[Records from a dataset]
________________________________________
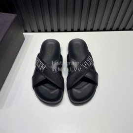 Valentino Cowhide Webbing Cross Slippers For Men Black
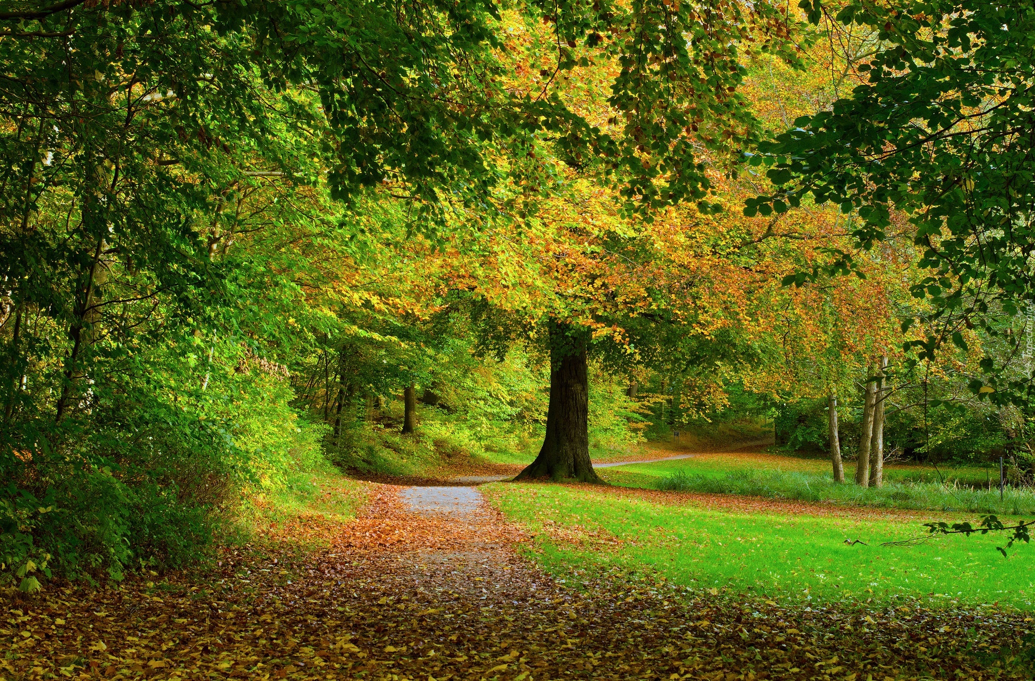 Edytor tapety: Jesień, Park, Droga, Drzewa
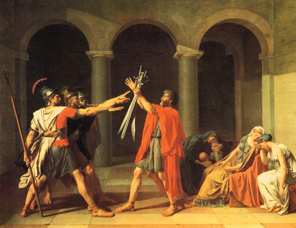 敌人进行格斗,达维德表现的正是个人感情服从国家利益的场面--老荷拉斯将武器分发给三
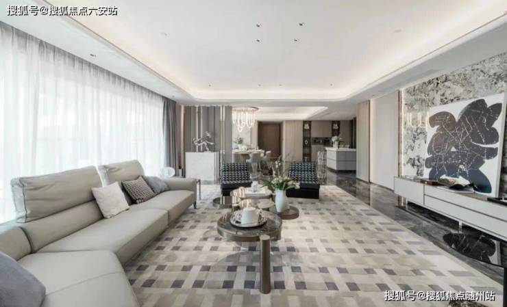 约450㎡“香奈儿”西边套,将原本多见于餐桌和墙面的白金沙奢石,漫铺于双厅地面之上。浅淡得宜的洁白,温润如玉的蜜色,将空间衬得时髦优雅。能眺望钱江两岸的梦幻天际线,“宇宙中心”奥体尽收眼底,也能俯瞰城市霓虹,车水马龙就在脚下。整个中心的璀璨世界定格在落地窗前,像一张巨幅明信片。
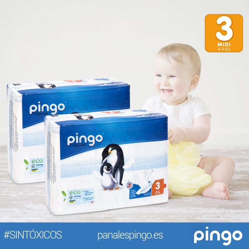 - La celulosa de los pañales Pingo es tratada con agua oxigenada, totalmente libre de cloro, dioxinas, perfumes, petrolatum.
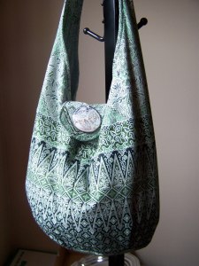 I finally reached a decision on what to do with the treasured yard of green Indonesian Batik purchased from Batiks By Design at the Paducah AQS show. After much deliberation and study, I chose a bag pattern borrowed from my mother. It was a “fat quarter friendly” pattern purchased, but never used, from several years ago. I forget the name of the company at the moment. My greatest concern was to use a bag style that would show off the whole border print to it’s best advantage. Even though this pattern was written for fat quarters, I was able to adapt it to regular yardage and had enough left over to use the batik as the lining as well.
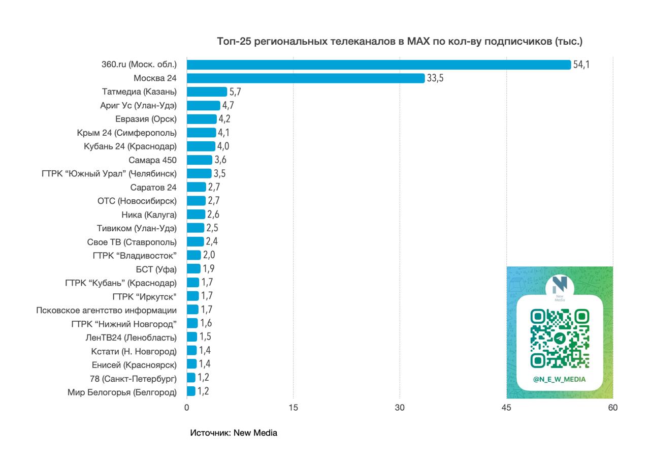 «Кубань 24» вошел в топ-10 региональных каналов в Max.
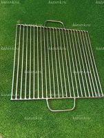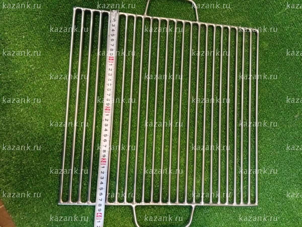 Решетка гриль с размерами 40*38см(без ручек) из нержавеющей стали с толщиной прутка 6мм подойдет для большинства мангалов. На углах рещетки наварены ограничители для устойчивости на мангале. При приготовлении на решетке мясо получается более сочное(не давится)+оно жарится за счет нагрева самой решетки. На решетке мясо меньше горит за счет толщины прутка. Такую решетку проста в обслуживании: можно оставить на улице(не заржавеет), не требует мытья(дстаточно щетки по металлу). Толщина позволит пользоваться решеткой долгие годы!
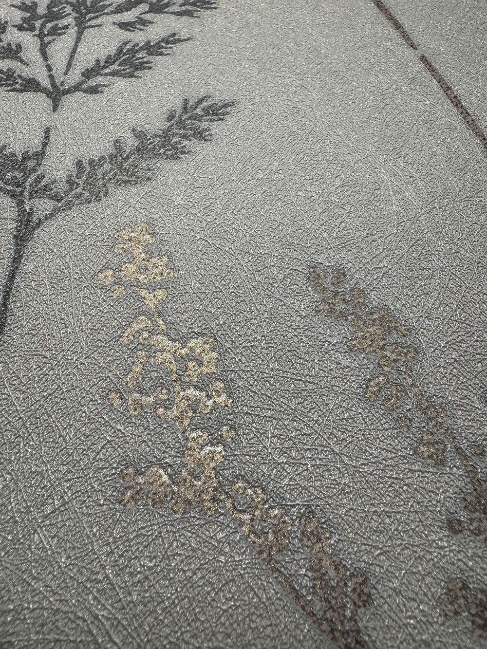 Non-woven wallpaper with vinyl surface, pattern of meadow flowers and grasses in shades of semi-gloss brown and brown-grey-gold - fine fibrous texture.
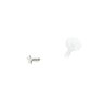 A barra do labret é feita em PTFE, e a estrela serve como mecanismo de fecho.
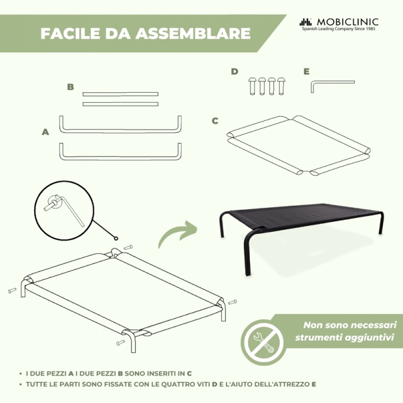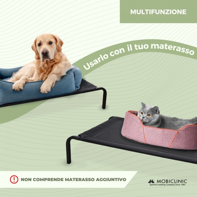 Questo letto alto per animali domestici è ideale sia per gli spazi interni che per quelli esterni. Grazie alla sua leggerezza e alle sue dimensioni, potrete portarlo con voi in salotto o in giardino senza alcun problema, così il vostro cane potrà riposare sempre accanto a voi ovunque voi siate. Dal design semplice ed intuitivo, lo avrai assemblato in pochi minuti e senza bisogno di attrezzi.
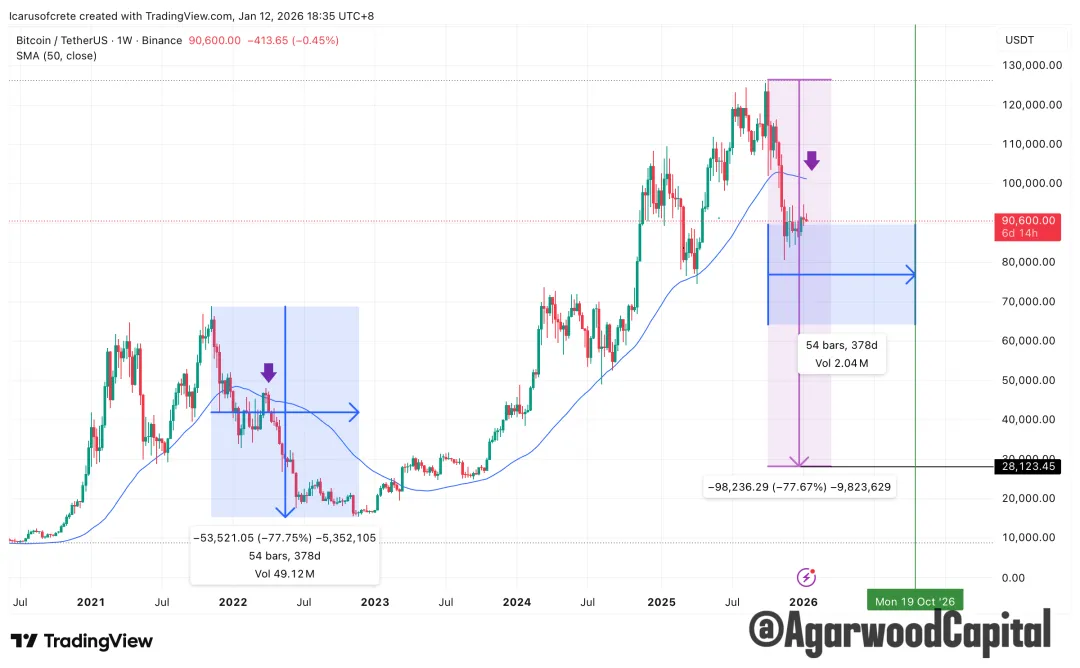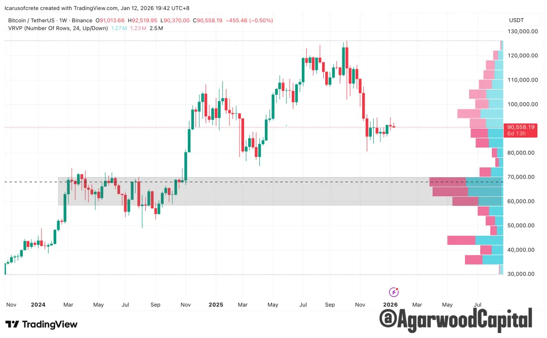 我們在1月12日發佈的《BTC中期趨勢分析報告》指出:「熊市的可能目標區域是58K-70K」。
________________________________________
--- TASK GOAL ---
Beginning at the line above that contains "敌人进行格斗,达维德表现的正" and going on through the line that contains "- La celulosa", please copy every line exactly, leaving the pictures out and adding nothing.

--- THE COMPLETED TASK ---
 敌人进行格斗,达维德表现的正是个人感情服从国家利益的场面--老荷拉斯将武器分发给三
 约450㎡“香奈儿”西边套,将原本多见于餐桌和墙面的白金沙奢石,漫铺于双厅地面之上。浅淡得宜的洁白,温润如玉的蜜色,将空间衬得时髦优雅。能眺望钱江两岸的梦幻天际线,“宇宙中心”奥体尽收眼底,也能俯瞰城市霓虹,车水马龙就在脚下。整个中心的璀璨世界定格在落地窗前,像一张巨幅明信片。
 - La celulosa de los pañales Pingo es tratada con agua oxigenada, totalmente libre de cloro, dioxinas, perfumes, petrolatum.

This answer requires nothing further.